Dorota Gawęda (*1986 in Lubin, PL) and Eglė Kulbokaitė (*1987 in Kaunas, LT) investigate the movement of the body through space, creating sculptural fragments of memory where performance, image, and the senses overlap. The eight-part series of works Leave No Trace (Athens) (2022) consists of steel aluminum screens dressed in chiffon upon which ghostly photographs are printed. These images depict scenes from a past performance, presented in 2018 in Athens as part of ANTI - 8th Athens Biennale. In that performance, the artists created a science-fictionlike environment, exploring the intimacy of spaces through text, touch, scent, and overlapping layers of perception. In the sculptures the memories unfold through fragmentary images. Movement within the space serves as a connecting element between the previous performance and the current reception of these works. Depending on the viewer‘s angle, the images either reveal themselves or recede from sight, evoking a ghostly remembrance of the past moment. Their sculpture Censer 1 (2023) releases the scent of a past performance, synthetically recreated to olfactorily transmit memories of the collective event.
David Reed (*1946 in San Diego, US) draws strong inspiration from the movement of film, transforming the expressive gesture of paint application into an artificially controlled depiction of the brushstroke, built up through layers of overlaying and sanding down paint. His largescale painting #659 (Vice & Reflection), (1975/ 1996-2000/ 2007-2011/ 2014-2015/ 2015-2016) references the TV series „Miami Vice“, exploring the interplay between time, movement, and perception by adopting the compositional strategies of film and translating them onto the canvas. Here, the artist tests the boundaries between painterly gesture and media aesthetics, influenced by the visual language of the 1980s. Neon-lit blues and yellows evoke the light and nocturnal atmosphere of Miami as brought to life in the iconic series. Reed’s use of translucent surfaces and intense colors conjures the cool, stylized ambiance typical of cinematic experience. His “brushstroke” elements seem to float out of the image, as if the painting is merging into the space of projection. Since the 1970s, Reed has created works that engage with both the act of painting itself and the perception of surface and depth. In the paintings that are continuously numbered, such as #335, #518 and #586, Reed often uses stencils that are cut by digital image processing and laser to accurately reproduce certain brush marks. This creates a tension between spontaneous and deliberately placed elements and makes the layering particularly apparent.

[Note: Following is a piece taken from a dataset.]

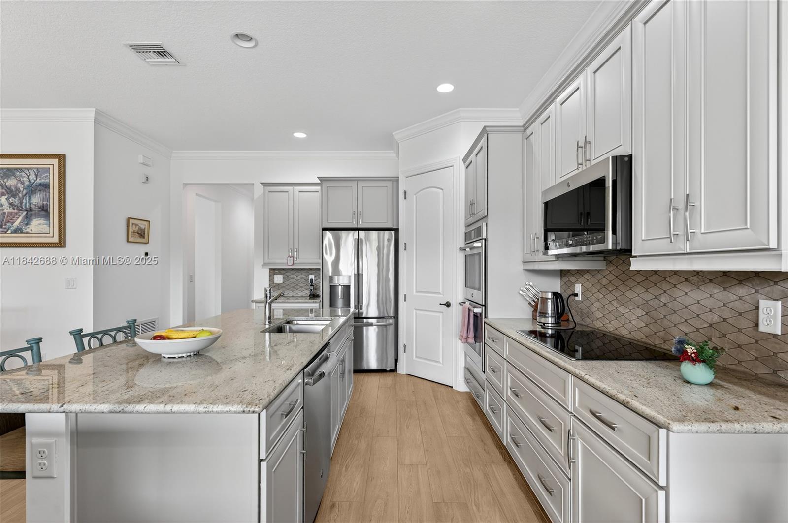 Welcome home to this RARE GEM, 3-bedroom, PLUS 4th room/Office, pie-shaped waterfront home on a charming cul-de-sac in a gated community. Not your builder's-basic! Updates Abound with over $150k in UPGRADES, offered at a HUGE DISCOUNT! Peace of mind afforded with newer construction codes to face the elements | Whole-Home Generac to weather any storm uninterrupted | Impact Windows | CAT 4 Rated Expanded Patio Enclosure | Stunning Outdoor Kitchen & Paved Patio | Builder Premium Upgrades | Luxury Closet System | Plantation Shutters | Motorized Shades | Timeless Open Kitchen, Stainless Appliances, Double Wall Oven | Spacious Extra Large Fenced Private Lot Great for Pets Featuring Secondary Dog Fence | Gutters | Comcast-wired. Minutes from Sawgrass & Turnpike, great schools, dining & shopping!

Like Reed, Sophronia Cook (*1992 in Sanger, US) works in tugging from oblivion for a moment (2024) with a technique of repeated application and sanding of paint, turning the canvas into a multi-layered object in which numerous traces come together, reminiscent of past moments. In her works, Cook combines materials such as vinyl, silk, graphite, oil paint, silver leaf and sterling silver to create paintings that thematize surface and depth, both visually and in terms of content. The starting point is a silk base onto which she applies silicone to define shapes. By layering oil paint and graphite and then removing the silicone, a ghostly imprint remains, reflecting the fragmentary nature of memories. The moiré effect – a flowing, wave-like pattern created by the overlapping of structures – reinforces this impression and evokes the fleeting nature of remembering and forgetting, as clear forms repeatedly fade into blurs and distortions.
Organized Science (2024) is a collaborative work by Rindon Johnson and Sophronia Cook, in which they cast the bone marrow of cattle in aluminum. This four-part sculpture transforms organic material into solid form, exploring the boundary between vitality, natural decay, and artificial preservation. The aluminum forms translate corporeality into sculptural fragments, opening a dialogue about the connection and separation between human and animal existence. In this collaboration, Sophronia Cook and Rindon Johnson merge their individual artistic approaches. While Johnson often emphasizes the natural transformation of his materials by exposing them to weather and time, Cook finds expression in material transformation as a means to explore form and texture. This collaboration fuses their artistic philosophies into a shared language: the aluminum casts of cattle bones become a work that makes the fragility and strength of both the living and the past tangible. In Organized Science, the ephemerality of the organic becomes a foundation for contemplating permanence, thus acting as a form of memory storage.
Johnson‘s work Lyn Says #1 [...] (2023) is a wall object made of cowhide, which the artist treats with polyurethane, bleach, minerals and colored pencils and exposes to the weather, which also leaves traces in the skins. The work Attack in transition (moi!) [...] (2024), on the other hand, is made of fish leather, which the artist works with synthetic resin, paint and chalk and stretches over a wooden frame. For him, leather is a by-product and a relic of industrial processing chains, revealing a comprehensive historical and conceptual condition that illustrates the treatment of other living beings and can be applied to the colonialist legacy of Western states. Who and what can be counted as by-products? Johnson pursues this question in the work series, in which he addresses the subjugation, neglect and exchangeability of non-human actors in our contemporary times, while drawing parallels to identity politics and classist themes, as well as practices of racist exploitation.
The exhibition thus presents works that dissolve linear narratives on multiple levels, making time experientially layered within the space.